- _Problem statement_: What you return should be every line below, word for word, and none of the images.

- _Supplied material_:
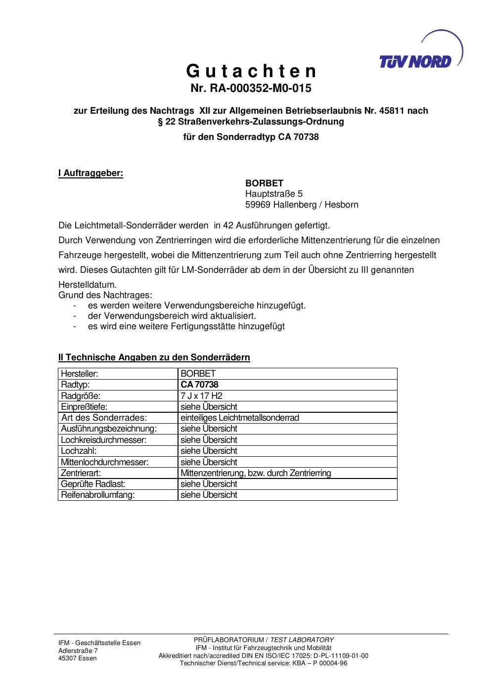 Dieses Gutachten (abe) bezieht sich auf die Alufelge Borbet CA 70738 in der Ausführung 7Jx17 ET 0, Mittenloch 0 mm (KBA 45811). Im PDF findest du typischerweise zulässige Reifengrößen, Auflagen/Anbauhinweise und – je nach Dokument – Hinweise zur Eintragung.
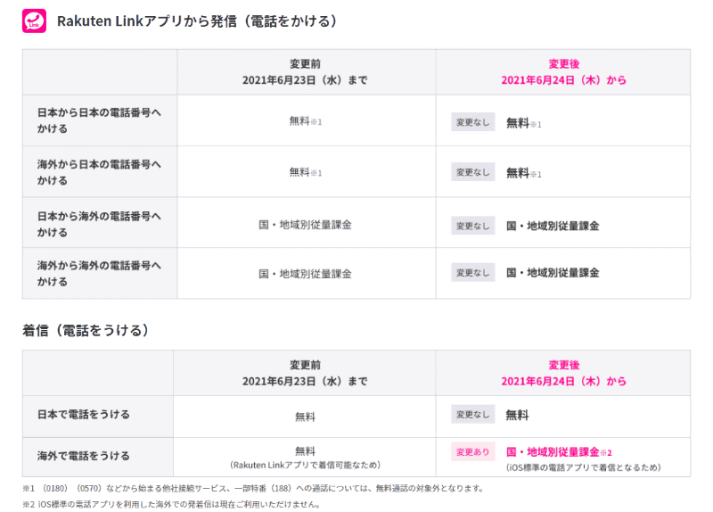 • iOS版「Rakuten Link」の仕様変更、7月6日から
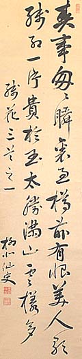 紙本肉筆・・縦136cm、横32.5cm 「柳北仙史」の下に、陰刻「墨上漁史」と陽刻「松菊荘」の 落款が押されている。成島柳北は江戸の人で、名は惟弘 、字は保民、号を柳北・確堂・濹上漁史などと称し、幕府 奥儒者成島筑山の子で、家学を受けて奥儒者となり、将 軍侍講として家定・家茂の二代に渉って経書を講じ、幕末 に当たって外国奉行や会計副総裁等も務めるが、幕府瓦 解に際しては松菊荘と名付けた向島の家に隠棲し、維新 後はジャーナリストとなり朝野新聞社長として健筆を振る った儒者で、柳橋の変貌を記した『柳橋新誌』は有名であ り、また作家の永井荷風は、彼の外孫に当たる。 |

- _Exercise response_:
 Dieses Gutachten (abe) bezieht sich auf die Alufelge Borbet CA 70738 in der Ausführung 7Jx17 ET 0, Mittenloch 0 mm (KBA 45811). Im PDF findest du typischerweise zulässige Reifengrößen, Auflagen/Anbauhinweise und – je nach Dokument – Hinweise zur Eintragung.
 • iOS版「Rakuten Link」の仕様変更、7月6日から
 紙本肉筆・・縦136cm、横32.5cm 「柳北仙史」の下に、陰刻「墨上漁史」と陽刻「松菊荘」の 落款が押されている。成島柳北は江戸の人で、名は惟弘 、字は保民、号を柳北・確堂・濹上漁史などと称し、幕府 奥儒者成島筑山の子で、家学を受けて奥儒者となり、将 軍侍講として家定・家茂の二代に渉って経書を講じ、幕末 に当たって外国奉行や会計副総裁等も務めるが、幕府瓦 解に際しては松菊荘と名付けた向島の家に隠棲し、維新 後はジャーナリストとなり朝野新聞社長として健筆を振る った儒者で、柳橋の変貌を記した『柳橋新誌』は有名であ り、また作家の永井荷風は、彼の外孫に当たる。 |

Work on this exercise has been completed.